Benefits Summary and Overview

This page is a benefits summary and overview of key plan information for Aetna Medicare Full Dual (PPO D-SNP). The information on this page is a summary only.

For a complete listing of all available benefits and cost information on Aetna Medicare Full Dual (PPO D-SNP) in 2026, please refer to our full plan details page.

Aetna Medicare Full Dual (PPO D-SNP) is a PPO D-SNP plan offered by CVS Health Corporation available for enrollment in 2026 to people living in South Dakota. This plan received an overall rating of 3.5 out of 5 stars in 2026.

It's important to know that Aetna Medicare Full Dual (PPO D-SNP) is a Medicare Advantage (MA) Plan with drug coverage. That means that this plan covers both medical services and prescription drugs.

Important:

Aetna Medicare Full Dual (PPO D-SNP)is a Special Needs Type (SNP) plan. This means you can only enroll in this plan if you meet specific criteria. See our full plan details page for more information.

Overview IconKey Plan Facts

Below are a few key facts and commonly-asked questions about Aetna Medicare Full Dual (PPO D-SNP).

Plan Costs:

The cost of a Medicare Advantage Plan is made up of four main parts.

  • First, the monthly premium — the amount you pay every month.
  • Second, the deductible — the amount you pay out of pocket for covered services before the plan starts paying.
  • Third, the copayments and coinsurance — the amounts you pay out of pocket for covered services, usually after meeting the deductible (if applicable). Copays are fixed dollar amounts; coinsurance is a percentage of the cost.
  • Fourth, the Out-of-Pocket Maximum — the maximum amount you could have to pay out of pocket in a year. This may be different for in-network and out-of-network services.

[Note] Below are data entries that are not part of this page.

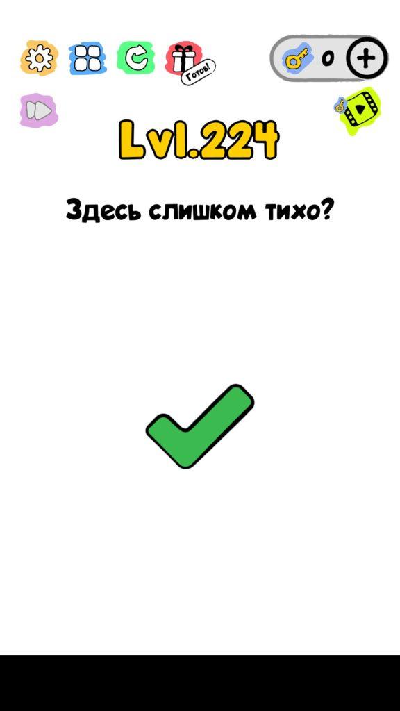 Здесь слишком тихо? 224 уровень Trick Me: логические головоломки — Это игра созданная в виде викторины. Каждый новый уровень отличается от предыдущего, что делает игровой процесс затягивающим и интересным. Если ты хочешь узнать насколько ты умный, тогда эта игра точно для тебя! Trick Me поможет тебе развить нестандартное мышление, и повысить свой IQ. В этой игре уже есть 236 уровней, которые постоянно обновляются и пополняются. Но если застрял на одном или нескольких уровнях, и не можешь их пройти, то наш сайт придет на помощь, у нас есть все ответы на уровни игры Trick Me.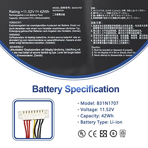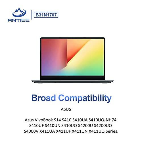 ANTIEE B31N1707 B31N1707-1 LaptopBatteria per Asus VivoBook S14 S410 S410UA S410UQ-NH74 S410UF S410UN S410UQ S4200U S4200UQ S4000V X411UA X411UF X411UN X411UQ Series 11.52V 42Wh 3653mAh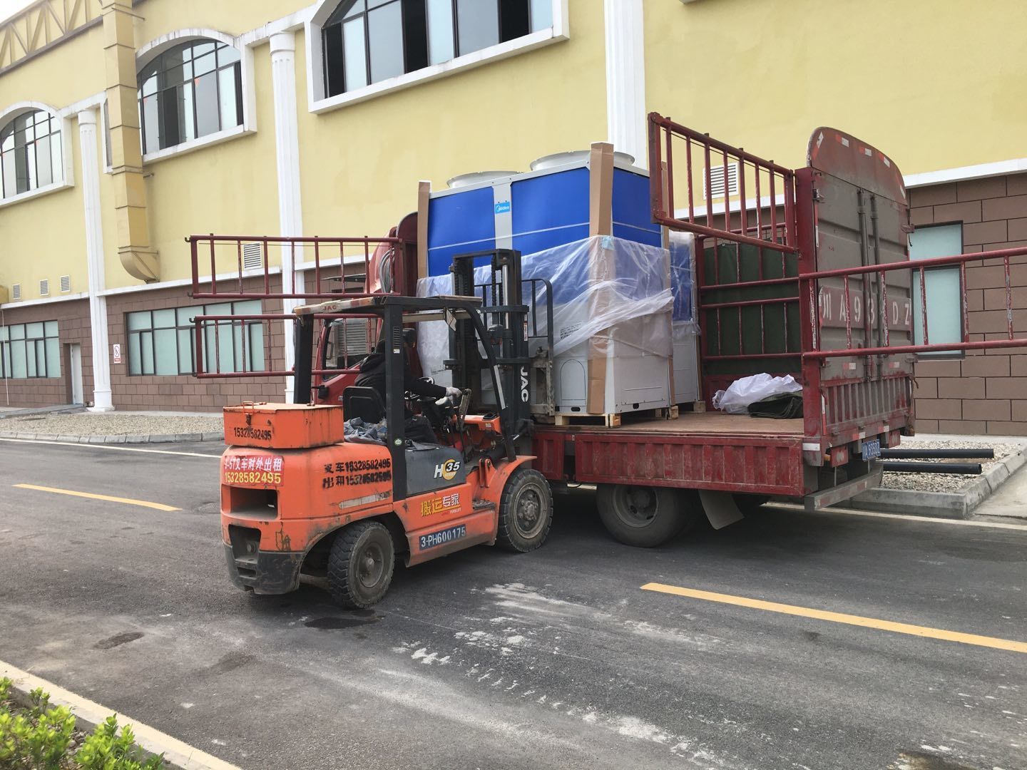 1彩板班組~收尾工作進度30%2:空調班組~管道安裝完成,風機已吊裝2臺,主機配管3:水電班組-布線配管。整體進度約80%

For Aetna Medicare Full Dual (PPO D-SNP), the main costs are as follows:

Monthly Premium

The Monthly Premium for this plan is $41.50. This is the amount you must pay every month.

This plan does not come with a Part B Premium reduction. You must continue to pay your Part B premium.

Deductibles

This plan does not have a health deductible. Your insurance coverage on covered health services will start immediately.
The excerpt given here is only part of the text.